%%
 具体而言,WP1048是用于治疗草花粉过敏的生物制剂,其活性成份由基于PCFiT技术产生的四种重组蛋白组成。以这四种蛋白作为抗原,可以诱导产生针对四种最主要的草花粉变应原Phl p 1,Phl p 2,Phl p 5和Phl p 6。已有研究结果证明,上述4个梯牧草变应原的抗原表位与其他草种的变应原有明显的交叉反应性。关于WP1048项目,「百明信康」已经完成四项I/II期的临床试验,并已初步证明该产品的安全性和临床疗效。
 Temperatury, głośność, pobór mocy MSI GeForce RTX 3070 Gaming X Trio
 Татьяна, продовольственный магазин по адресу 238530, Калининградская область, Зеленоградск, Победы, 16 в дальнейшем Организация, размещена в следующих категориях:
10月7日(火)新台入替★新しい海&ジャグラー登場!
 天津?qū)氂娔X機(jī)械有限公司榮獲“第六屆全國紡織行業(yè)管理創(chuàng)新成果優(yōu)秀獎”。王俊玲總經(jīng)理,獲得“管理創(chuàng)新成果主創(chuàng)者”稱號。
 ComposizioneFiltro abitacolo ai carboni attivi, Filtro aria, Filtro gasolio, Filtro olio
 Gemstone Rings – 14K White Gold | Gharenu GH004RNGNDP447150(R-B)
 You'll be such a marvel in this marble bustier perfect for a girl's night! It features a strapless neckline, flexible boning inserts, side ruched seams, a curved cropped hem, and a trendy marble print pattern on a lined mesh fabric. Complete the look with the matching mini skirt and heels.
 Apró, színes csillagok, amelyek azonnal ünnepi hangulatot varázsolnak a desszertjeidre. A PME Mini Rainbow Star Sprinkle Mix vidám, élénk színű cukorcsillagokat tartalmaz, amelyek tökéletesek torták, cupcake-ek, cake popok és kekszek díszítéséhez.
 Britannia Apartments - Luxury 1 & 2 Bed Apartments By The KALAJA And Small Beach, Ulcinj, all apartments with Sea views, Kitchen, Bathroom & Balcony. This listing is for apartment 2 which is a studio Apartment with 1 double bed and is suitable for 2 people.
%%
%%
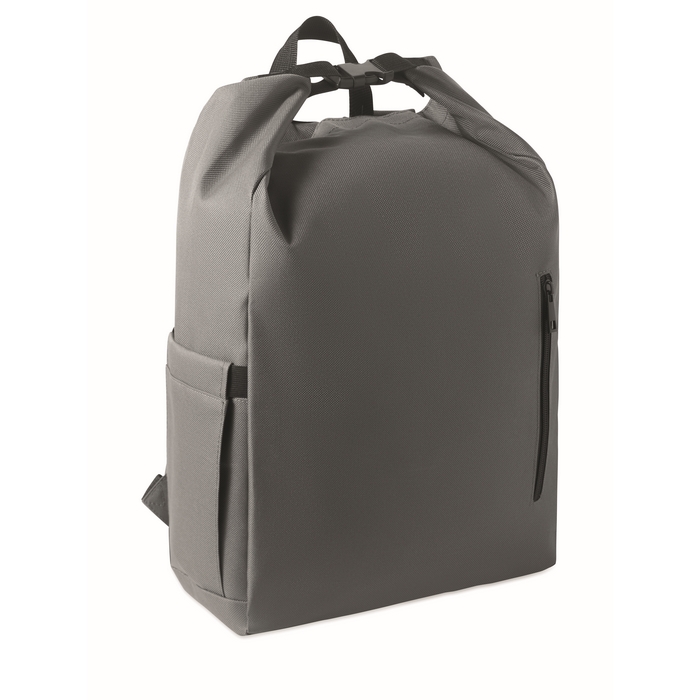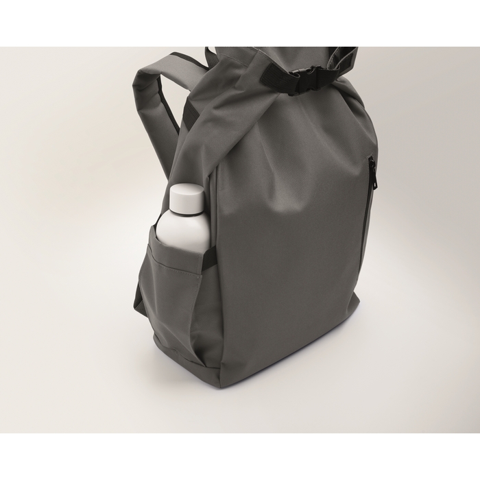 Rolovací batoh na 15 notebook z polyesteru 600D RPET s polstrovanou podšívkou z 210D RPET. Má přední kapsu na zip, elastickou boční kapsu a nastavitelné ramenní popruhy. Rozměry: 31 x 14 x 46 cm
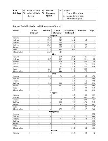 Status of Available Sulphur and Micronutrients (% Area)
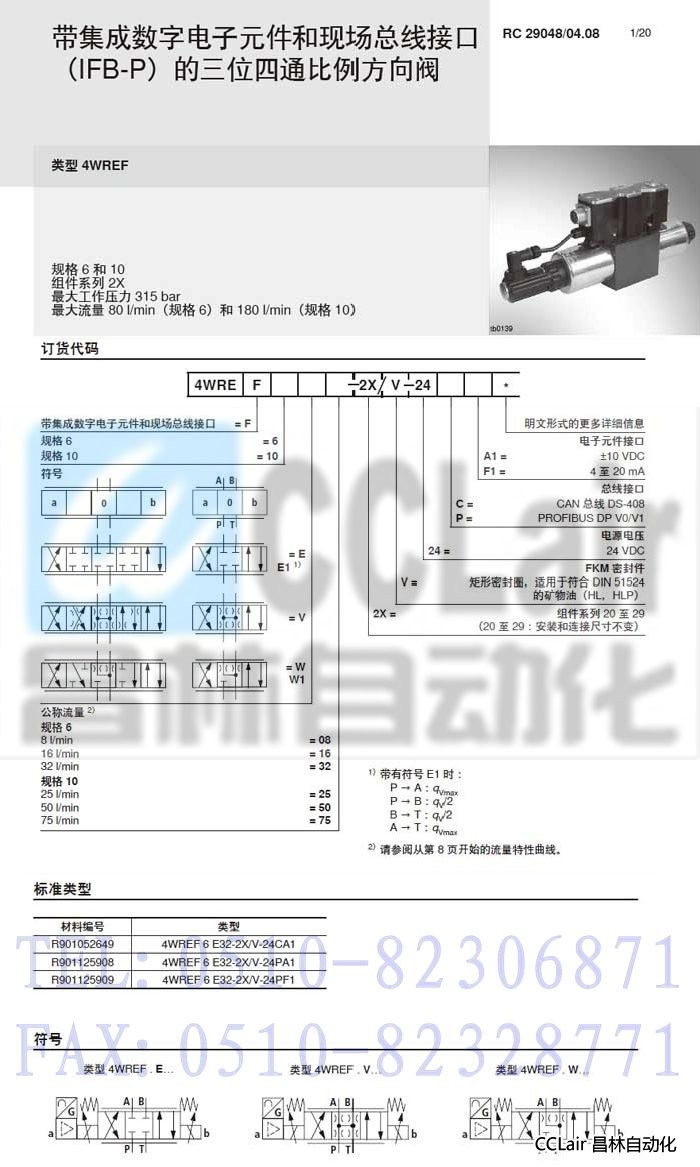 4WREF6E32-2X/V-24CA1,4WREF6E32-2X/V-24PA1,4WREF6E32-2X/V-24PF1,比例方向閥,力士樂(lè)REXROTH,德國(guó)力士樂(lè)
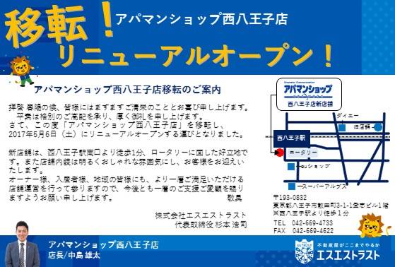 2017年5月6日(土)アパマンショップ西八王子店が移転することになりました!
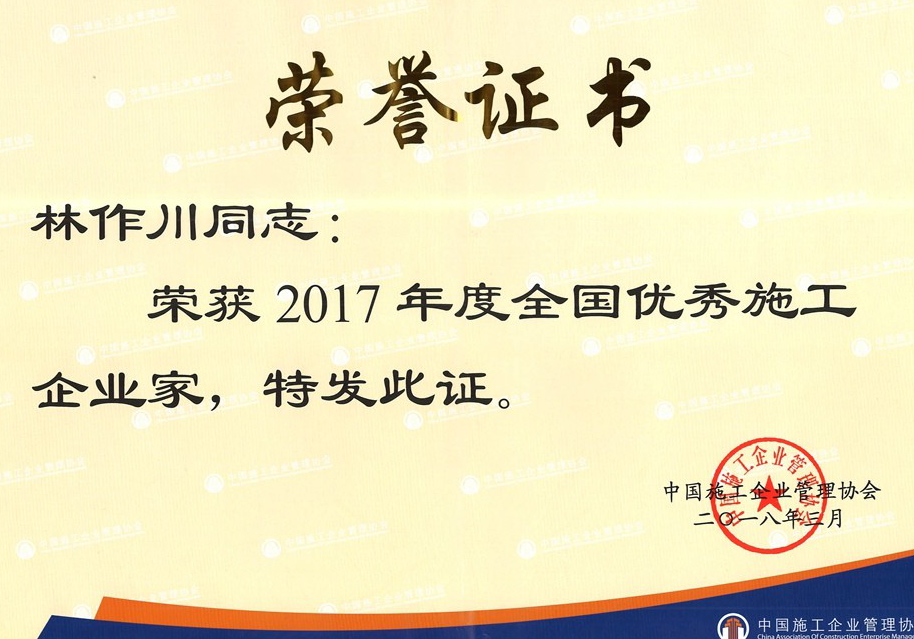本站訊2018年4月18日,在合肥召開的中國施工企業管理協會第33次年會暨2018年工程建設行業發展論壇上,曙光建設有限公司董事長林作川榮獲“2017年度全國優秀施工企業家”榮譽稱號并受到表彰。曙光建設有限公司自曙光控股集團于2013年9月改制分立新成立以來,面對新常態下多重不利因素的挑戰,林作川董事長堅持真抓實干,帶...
%%
#### [TASK ITEM]
Only the lines above starting with the one with "1,Phl p 2,Phl" and going through the one with "Apró, színes csillagok, amelyek" are to be copied, word for word and with both ends kept.

#### [EXERCISE RESULT]
 具体而言,WP1048是用于治疗草花粉过敏的生物制剂,其活性成份由基于PCFiT技术产生的四种重组蛋白组成。以这四种蛋白作为抗原,可以诱导产生针对四种最主要的草花粉变应原Phl p 1,Phl p 2,Phl p 5和Phl p 6。已有研究结果证明,上述4个梯牧草变应原的抗原表位与其他草种的变应原有明显的交叉反应性。关于WP1048项目,「百明信康」已经完成四项I/II期的临床试验,并已初步证明该产品的安全性和临床疗效。
 Temperatury, głośność, pobór mocy MSI GeForce RTX 3070 Gaming X Trio
 Татьяна, продовольственный магазин по адресу 238530, Калининградская область, Зеленоградск, Победы, 16 в дальнейшем Организация, размещена в следующих категориях:
10月7日(火)新台入替★新しい海&ジャグラー登場!
 天津?qū)氂娔X機(jī)械有限公司榮獲“第六屆全國紡織行業(yè)管理創(chuàng)新成果優(yōu)秀獎”。王俊玲總經(jīng)理,獲得“管理創(chuàng)新成果主創(chuàng)者”稱號。
 ComposizioneFiltro abitacolo ai carboni attivi, Filtro aria, Filtro gasolio, Filtro olio
 Gemstone Rings – 14K White Gold | Gharenu GH004RNGNDP447150(R-B)
 You'll be such a marvel in this marble bustier perfect for a girl's night! It features a strapless neckline, flexible boning inserts, side ruched seams, a curved cropped hem, and a trendy marble print pattern on a lined mesh fabric. Complete the look with the matching mini skirt and heels.
 Apró, színes csillagok, amelyek azonnal ünnepi hangulatot varázsolnak a desszertjeidre. A PME Mini Rainbow Star Sprinkle Mix vidám, élénk színű cukorcsillagokat tartalmaz, amelyek tökéletesek torták, cupcake-ek, cake popok és kekszek díszítéséhez.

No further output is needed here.